知っている人や、知らない人と集まって、おさんぽがしたい。
当日は、みんなで適当な場所に集まって、目的地を話し合って決めて、そこに向かってひたすら歩きたい。
そんで、Google MAPとかは見ずに、ひたすら、ずんずん歩いて行って、道に迷えたりしたらよい。でも、全然知らない森のなかとかに迷い込むのはちょっと怖いので、なんだか楽しそうな感じのところに向かって、歩いて行けたらいい。
疲れてきたら、みんなで疲れたねとか言いながら、通りすがりの銭湯に入って、目的地に辿り着かずに、それぞれが、別々の岐路につくことができたら、最高だ。

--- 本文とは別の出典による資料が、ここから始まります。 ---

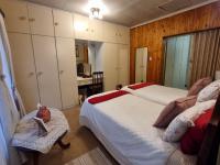 Accommodation includes five bedrooms with built-in cupboards and three-and-a-half bathrooms. The main bedroom enjoys its own en-suite, while one tiled bedroom with en-suite is ideal for guests or extended family.

これを「おさんぽ団」の第1回公演、「おさんぽをする」と名付けたい……。
なにかゴールが決まっていて、ゴールに辿り着かないと失敗ということになってしまう活動から、少し距離をとってみたい。上演に向かって、単線的に進んでいくことは、上演のなかの時間が「オチ」に向かって単線的に進んでいくことと、よく似ている。そういう物語的世界観に浸ってばかりいると、老いることが、あたかも恐ろしいことのようにみえてくるから、いけない。
ゴールに進んでいく道筋として過程を捉えるのではなくて、過程を歩むための道具立てとしてゴールのような何かを、とりあえず、措いておく。ゴールがなければ、過程を作れないから、過程のためにゴールは大切だ。
だけれど、もし本当に、ゴールなんてしてしまったら、楽しむべき過程が終わってしまう。だから、ゴールは、いい加減でいい。できる限り、曖昧で、漠然としていて、迷子になるための余地があるゴールが、よいゴールだ。
稽古をするために上演があるのであって、上演のために稽古があるのではない。上演なんて成功してしまったら、もう、稽古ができなくなってしまう。かなしいことだ。
「目的意識」なんて持ってしまうことがないように、まことに気をつけていきたい所存です。